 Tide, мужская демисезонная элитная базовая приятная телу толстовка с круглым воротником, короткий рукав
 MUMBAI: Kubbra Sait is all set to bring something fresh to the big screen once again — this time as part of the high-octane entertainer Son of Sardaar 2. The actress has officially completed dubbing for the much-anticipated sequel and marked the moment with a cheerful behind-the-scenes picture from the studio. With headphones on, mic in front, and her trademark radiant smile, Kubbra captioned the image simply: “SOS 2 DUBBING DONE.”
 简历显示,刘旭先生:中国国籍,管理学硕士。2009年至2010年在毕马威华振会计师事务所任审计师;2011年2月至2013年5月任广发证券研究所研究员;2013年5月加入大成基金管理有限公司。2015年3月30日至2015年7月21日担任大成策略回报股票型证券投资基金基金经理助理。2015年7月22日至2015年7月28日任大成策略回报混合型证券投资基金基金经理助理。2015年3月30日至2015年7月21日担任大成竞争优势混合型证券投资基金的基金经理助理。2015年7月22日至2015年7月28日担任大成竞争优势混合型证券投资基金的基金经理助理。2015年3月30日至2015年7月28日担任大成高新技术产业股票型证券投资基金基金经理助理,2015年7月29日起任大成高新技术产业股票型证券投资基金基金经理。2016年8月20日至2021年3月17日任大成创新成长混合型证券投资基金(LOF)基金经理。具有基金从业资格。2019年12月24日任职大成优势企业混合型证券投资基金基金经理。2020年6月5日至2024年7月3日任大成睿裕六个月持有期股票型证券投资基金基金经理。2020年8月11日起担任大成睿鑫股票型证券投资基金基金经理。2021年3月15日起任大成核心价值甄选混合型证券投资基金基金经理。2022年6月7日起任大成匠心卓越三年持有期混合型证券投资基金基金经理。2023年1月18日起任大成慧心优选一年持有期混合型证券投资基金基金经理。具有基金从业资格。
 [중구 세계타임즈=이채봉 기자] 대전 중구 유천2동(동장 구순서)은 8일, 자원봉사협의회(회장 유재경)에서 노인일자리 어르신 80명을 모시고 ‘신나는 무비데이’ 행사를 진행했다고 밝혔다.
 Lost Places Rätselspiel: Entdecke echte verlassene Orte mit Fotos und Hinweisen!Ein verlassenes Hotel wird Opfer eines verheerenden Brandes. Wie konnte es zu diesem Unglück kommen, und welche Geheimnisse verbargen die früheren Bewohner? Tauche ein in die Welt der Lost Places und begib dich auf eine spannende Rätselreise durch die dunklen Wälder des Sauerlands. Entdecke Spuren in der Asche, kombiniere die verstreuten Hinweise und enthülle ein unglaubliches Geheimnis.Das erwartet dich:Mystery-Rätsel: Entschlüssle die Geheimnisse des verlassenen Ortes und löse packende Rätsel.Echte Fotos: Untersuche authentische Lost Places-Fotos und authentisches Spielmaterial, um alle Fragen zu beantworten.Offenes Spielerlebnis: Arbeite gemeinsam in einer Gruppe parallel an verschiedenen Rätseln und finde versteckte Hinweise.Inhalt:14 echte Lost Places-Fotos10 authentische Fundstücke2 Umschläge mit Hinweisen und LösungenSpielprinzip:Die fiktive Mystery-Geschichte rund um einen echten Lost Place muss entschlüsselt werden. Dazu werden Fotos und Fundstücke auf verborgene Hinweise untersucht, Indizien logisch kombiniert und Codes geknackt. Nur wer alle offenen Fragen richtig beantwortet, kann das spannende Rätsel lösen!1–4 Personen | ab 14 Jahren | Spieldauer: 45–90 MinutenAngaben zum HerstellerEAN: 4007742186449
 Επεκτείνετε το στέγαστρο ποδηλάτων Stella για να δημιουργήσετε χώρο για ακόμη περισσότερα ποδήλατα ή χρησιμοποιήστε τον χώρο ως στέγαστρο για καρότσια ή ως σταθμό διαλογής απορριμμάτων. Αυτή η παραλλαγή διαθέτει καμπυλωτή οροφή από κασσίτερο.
=====
## What you need to do
Word for word, restate the entries that appear above.

## Worked solution
 Tide, мужская демисезонная элитная базовая приятная телу толстовка с круглым воротником, короткий рукав
 MUMBAI: Kubbra Sait is all set to bring something fresh to the big screen once again — this time as part of the high-octane entertainer Son of Sardaar 2. The actress has officially completed dubbing for the much-anticipated sequel and marked the moment with a cheerful behind-the-scenes picture from the studio. With headphones on, mic in front, and her trademark radiant smile, Kubbra captioned the image simply: “SOS 2 DUBBING DONE.”
 简历显示,刘旭先生:中国国籍,管理学硕士。2009年至2010年在毕马威华振会计师事务所任审计师;2011年2月至2013年5月任广发证券研究所研究员;2013年5月加入大成基金管理有限公司。2015年3月30日至2015年7月21日担任大成策略回报股票型证券投资基金基金经理助理。2015年7月22日至2015年7月28日任大成策略回报混合型证券投资基金基金经理助理。2015年3月30日至2015年7月21日担任大成竞争优势混合型证券投资基金的基金经理助理。2015年7月22日至2015年7月28日担任大成竞争优势混合型证券投资基金的基金经理助理。2015年3月30日至2015年7月28日担任大成高新技术产业股票型证券投资基金基金经理助理,2015年7月29日起任大成高新技术产业股票型证券投资基金基金经理。2016年8月20日至2021年3月17日任大成创新成长混合型证券投资基金(LOF)基金经理。具有基金从业资格。2019年12月24日任职大成优势企业混合型证券投资基金基金经理。2020年6月5日至2024年7月3日任大成睿裕六个月持有期股票型证券投资基金基金经理。2020年8月11日起担任大成睿鑫股票型证券投资基金基金经理。2021年3月15日起任大成核心价值甄选混合型证券投资基金基金经理。2022年6月7日起任大成匠心卓越三年持有期混合型证券投资基金基金经理。2023年1月18日起任大成慧心优选一年持有期混合型证券投资基金基金经理。具有基金从业资格。
 [중구 세계타임즈=이채봉 기자] 대전 중구 유천2동(동장 구순서)은 8일, 자원봉사협의회(회장 유재경)에서 노인일자리 어르신 80명을 모시고 ‘신나는 무비데이’ 행사를 진행했다고 밝혔다.
 Lost Places Rätselspiel: Entdecke echte verlassene Orte mit Fotos und Hinweisen!Ein verlassenes Hotel wird Opfer eines verheerenden Brandes. Wie konnte es zu diesem Unglück kommen, und welche Geheimnisse verbargen die früheren Bewohner? Tauche ein in die Welt der Lost Places und begib dich auf eine spannende Rätselreise durch die dunklen Wälder des Sauerlands. Entdecke Spuren in der Asche, kombiniere die verstreuten Hinweise und enthülle ein unglaubliches Geheimnis.Das erwartet dich:Mystery-Rätsel: Entschlüssle die Geheimnisse des verlassenen Ortes und löse packende Rätsel.Echte Fotos: Untersuche authentische Lost Places-Fotos und authentisches Spielmaterial, um alle Fragen zu beantworten.Offenes Spielerlebnis: Arbeite gemeinsam in einer Gruppe parallel an verschiedenen Rätseln und finde versteckte Hinweise.Inhalt:14 echte Lost Places-Fotos10 authentische Fundstücke2 Umschläge mit Hinweisen und LösungenSpielprinzip:Die fiktive Mystery-Geschichte rund um einen echten Lost Place muss entschlüsselt werden. Dazu werden Fotos und Fundstücke auf verborgene Hinweise untersucht, Indizien logisch kombiniert und Codes geknackt. Nur wer alle offenen Fragen richtig beantwortet, kann das spannende Rätsel lösen!1–4 Personen | ab 14 Jahren | Spieldauer: 45–90 MinutenAngaben zum HerstellerEAN: 4007742186449
 Επεκτείνετε το στέγαστρο ποδηλάτων Stella για να δημιουργήσετε χώρο για ακόμη περισσότερα ποδήλατα ή χρησιμοποιήστε τον χώρο ως στέγαστρο για καρότσια ή ως σταθμό διαλογής απορριμμάτων. Αυτή η παραλλαγή διαθέτει καμπυλωτή οροφή από κασσίτερο.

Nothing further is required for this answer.